公園の片隅に、小皿に入れられたネコの餌が置かれていました。
ところが、その餌を食べていたのはネコではなく、2羽のキジバトでした。
その餌はネコの食べ残しかどうかは分かりません。
ただ面白いことに、そのすぐ近くでネコがじっとその様子を眺めていたのです。
私の感覚では、ネコは動くものなら何にでも飛びつく習性があると思っていました。
ところがこのネコは、本来なら自分の獲物であるはずのキジバトが目の前にいるのに、しかも自分の餌まで食べられているのに、まるで気にする様子がありません。
昔のネコは、いつも腹を空かせていたのでしょうか?
今は、公園でも餌を与える人も多く、常に満腹に近い状態なのかもしれません。
無理をして獲物を捕らえなくても、簡単に食べ物を手に入れることができるのです。
少し意味合いは違うかもしれませんが、ハブとマングースの関係もどこか似ている気がします。

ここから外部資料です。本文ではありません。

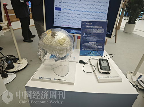 一套脑机接口设备吸引了很多人驻足。北京芯智达业务发展部华迤告诉本刊记者,这款“北脑一号”智能脑机系统,已经成功应用在7位有运动功能障碍、言语障碍的患者身上。一位30岁患者因车祸导致腰部脊髓损伤下身瘫痪,妻子为照顾他,只能把工作辞了。在“北脑一号”等相关治疗后,患者生活可以自理,妻子也可以正常外出工作。

ハブ退治のために導入されたマングースですが、実際にはハブをほとんど捕食しないと言われています。
危険を冒してハブを狙うよりも、鳥や小動物、昆虫など、より簡単に捕まえられる獲物を選ぶようになったからです。
人間の都合で導入されたマングースですが、今では逆に厄介者扱いされ、特定外来生物にまで指定されています。
公園でキジバトを眺めるネコの姿を見ながら、
動物たちもまた「楽に生きる方法」を選ぶのだろうか、そんなことを考えてしまいました。